You can do this & hit balls at the range, but will feel a ways odd at first. But the ball provides good resistance to give you a solid lower half to pivot/coil over. 
If you do this the ball only stays between the knees on the backswing, as, as soon as you start transition down from your left foot, left knee re-rotating towards target, the ball will & should drop out.

Here's another good exercise you can do at home against a wall, if you concentrate on keeping a level head this way your left knee won't bend inwards & downwards.

[video=youtube_share;u7_yIL7IKkA]http://youtu.be/u7_yIL7IKkA[/video]

Left hand grip:- https://www.youtube.com/watch?v=wMLpg38gEJE
Right hand grip:- https://www.youtube.com/watch?v=4kG19zHrdiY&list=UUbY9OC4bMmAmqlcWhmQE3dQ


----------



## brysoni23 (Aug 13, 2014)

Little update. 

Not hit any balls since the videos but I've been doing The Wall Drill and whilst doing it i noticed my knee dipped alot less just from keeping my head straight  

Also been watching the LH + RH grip videos and holding a club in the front room. Man does the right hand feel awkward. 

Just hope I can get to the range tonight or tomorrow to hit some balls.


----------



## brysoni23 (Aug 23, 2014)

[video=youtube_share;OEt6I9z-_8g]http://youtu.be/OEt6I9z-_8g[/video]

Here's my update. Wore the same top so I could compare both swings easier. 

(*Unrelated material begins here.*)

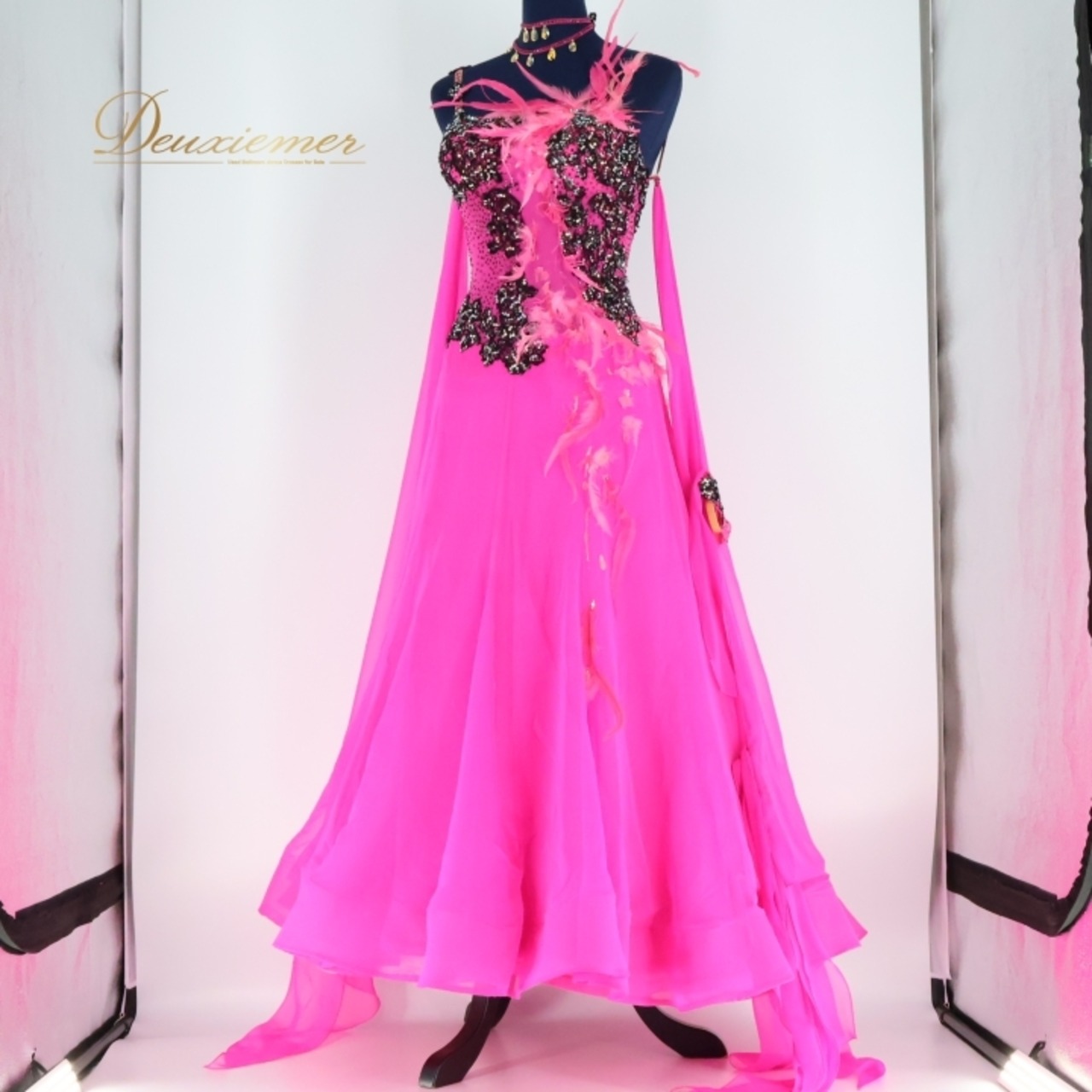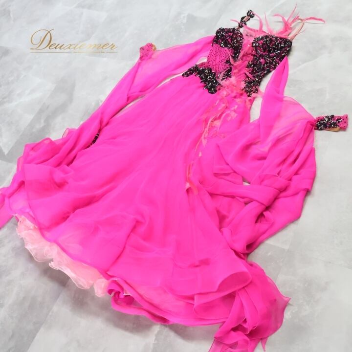 #社交ダンス #ダンス衣装 #ワンピース #ドレス #イタリア製 #濃いピンク #豪華ドレス #トルソー #ファスナー仕様 #伸縮性 #胸パッド #羽付き #ダンススタイル #パフォーマンス #舞踏会 #ダンスイベント #レオタード #フィットネス #ファッション #ENUTSU
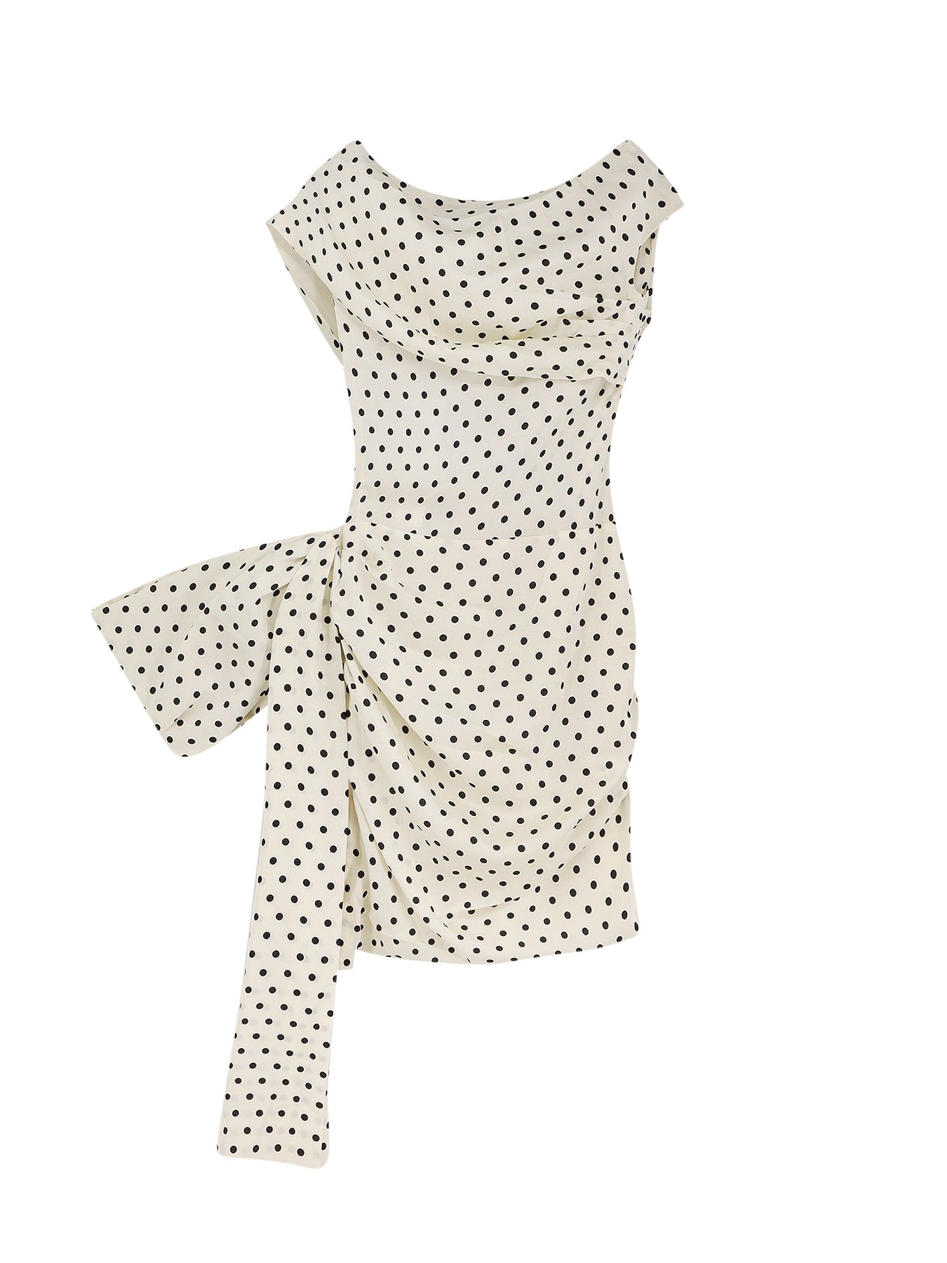 Side zip closure Sleeveless Bow detail with train Polka dot pattern 95% polyester 5% elastane Lining: 100% polyester SKU: RS26002SCCREAM

Anyone notice some swing change? Slightly less flick at the top and don't jump up as much on impact. 

Feed back appreciated  

Cheers all


----------



## JustOne (Aug 23, 2014)

You are too flat on the way back - causing you to be too steep on the way down.


----------



## the_coach (Aug 23, 2014)

better in that it's a ways more level not the jump at impact, thing to focus on is the very first 18" of movement, if you can change how this happens you will find you can get the swing in much better shape still. so better swing path better through impact.

if you can, look back at your swing here & see at the first move away how your left arm moves away from your chest so your hands & wrists then bend a ways flat & backwards.

so pretty early on in the action from the get-go, there's space between your upper left arm & chest. this forces the hands back over the toe line, so the shaft points behind your heel line, so as 'JustOne' says it's still a ways too flat going back. 

so when you get to the top there's only one ways you can bring the club down by throwing it & your right shoulder a little ways out & over the top.

go back to the post which has reposted 'the perfect swing' vid, pay close attention to the PP1 position, then check where you are at the same position you'll see your shaft point behind you & wouldn't be parallel to the one on the ground.

so when your at the range get a club down, off the right toes parallel to your ball/target line (handle in the exactly same position as they do in the vid, post #9) 

the way you'll need to start the takeaway so that your shaft becomes parallel to the one on the ground, is to keep the left upper arm in contact with your chest as the right shoulder just turns back (same right shoulder turn straightways as you would have been making in that 'wall drill')

then when the club is parallel to the one on the ground your left hand/wrist sets 'upwards' (left hand/wrist doesn't roll, doesn't bend back) 
best ways to think of it is that the left thumb just sets 'upwards', so the left thumb points more to the sky, not behind you, that means the shaft points more at the sky here too -(when your left arm is horizontal to the ground & also parallel to your toe line so also the ball target line that left thumb is set 'upwards' so the angle between the left arm & shaft is at or very near to 90Âº)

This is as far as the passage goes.